Content starts

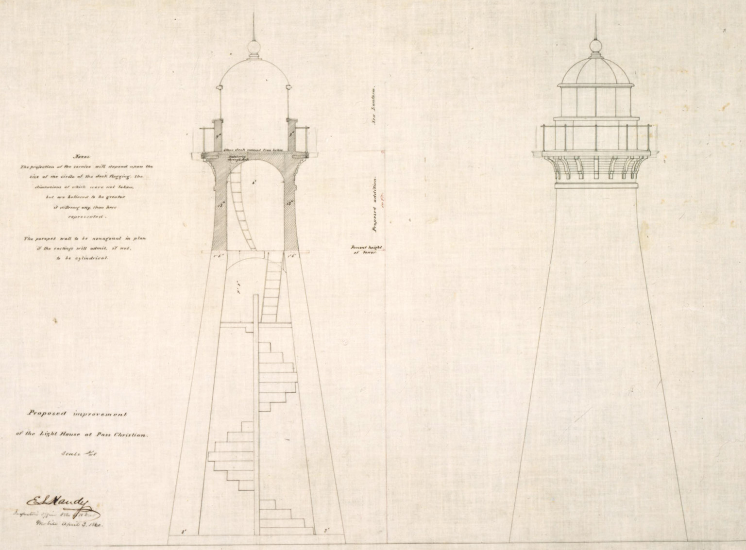 A keeper’s dwelling was erected adjacent to the tower. Roger A. Hiern, whose family name would later be memorialized in a main street in Pass Christian, was appointed the first keeper and also supervised construction. Hiern accepted the position of keeper on July 1, 1831, though the lighthouse did not immediately go into operation. The U.S. surveyor at Port Pontchartrain complained that the government had failed to supply oil for the lamps, delaying the exhibition of the light for nearly six months.
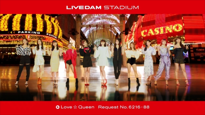 また「Love ☆ Queen」をLIVE DAM STADIUMに搭載されているデュアルモニター機能で歌うと、メインモニターには「Love ☆ Queen」のミュージックビデオを、スペシャルモニターにはCMのメイキング映像とミュージックビデオをミックスした特別映像を映しながらカラオケを楽しむことができる。
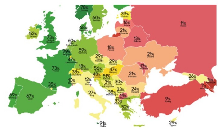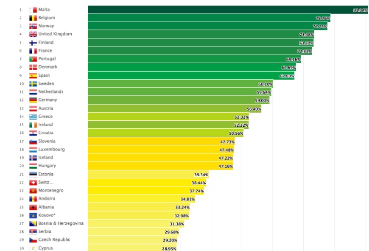 На первом месте с показателем 91%, оказалась Мальта. Кроме нее, в топ-10 стран с лучшим показателем отношения к правам сексуальных меньшинств попали Бельгия, Норвегия, Великобритания, Финляндия, Франция, Португалия, Дания, Испания и Швеция.
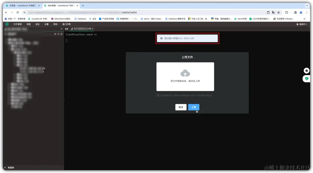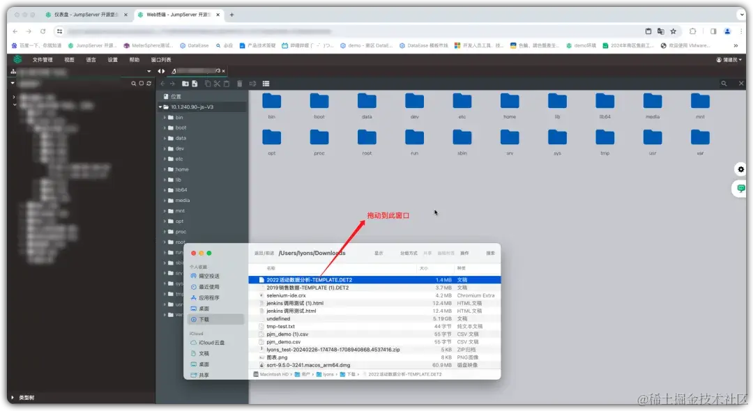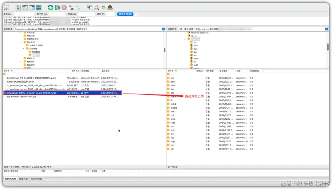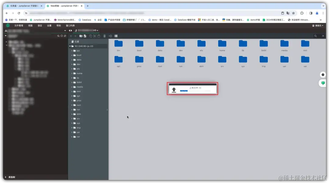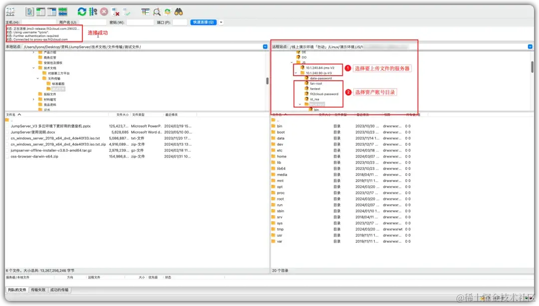 ② 连接成功后,选择需要上传文件的服务器和资产账号目录,拖动文件直接上传,系统会弹窗要求用户再次输入JumpServer登录密码和MFA验证码,确认后即可开始文件传输;
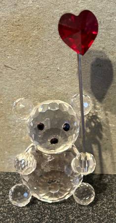 Small Crystal Teddy Bear Holding Heart Balloon Figurine: Measures: 2 inches high by .75 inches wide
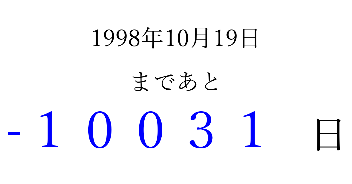 1998年10月19日(月)は もう 00000 日過ぎました 追加すると、トップページからすぐ選べるようになります ※2026/04/06現在の結果です。 最新の状態に更新する ↓シェアして、タイムライン上にカウントダウンを表示しよう!↓ 📤 この結果を共有する Tweet シェア Threads Bluesky 別の日付でカウントダウン 1998年10月のカレンダー このページをブックマークに追加すると、いつでもカウントダウンを確認できます。 (PC: Ctrl+D / Mac: ⌘+D) hitome-notes.comでは以下のページも運営しています。 指定日と期間から日付を計算 | ガチャ確率計算・シミュレーション | プライバシー・ポリシー 運営者:Avocado

Content ends

:: EXERCISE REQUIREMENTS ::
Although pictures appear among the records above, write out exactly only the lines from the one that has "また「Love ☆ Queen」をLIVE" through the one that has "Small Crystal Teddy", and leave the pictures out.

:: ANSWER AREA ::
 また「Love ☆ Queen」をLIVE DAM STADIUMに搭載されているデュアルモニター機能で歌うと、メインモニターには「Love ☆ Queen」のミュージックビデオを、スペシャルモニターにはCMのメイキング映像とミュージックビデオをミックスした特別映像を映しながらカラオケを楽しむことができる。
 На первом месте с показателем 91%, оказалась Мальта. Кроме нее, в топ-10 стран с лучшим показателем отношения к правам сексуальных меньшинств попали Бельгия, Норвегия, Великобритания, Финляндия, Франция, Португалия, Дания, Испания и Швеция.
 ② 连接成功后,选择需要上传文件的服务器和资产账号目录,拖动文件直接上传,系统会弹窗要求用户再次输入JumpServer登录密码和MFA验证码,确认后即可开始文件传输;
 Small Crystal Teddy Bear Holding Heart Balloon Figurine: Measures: 2 inches high by .75 inches wide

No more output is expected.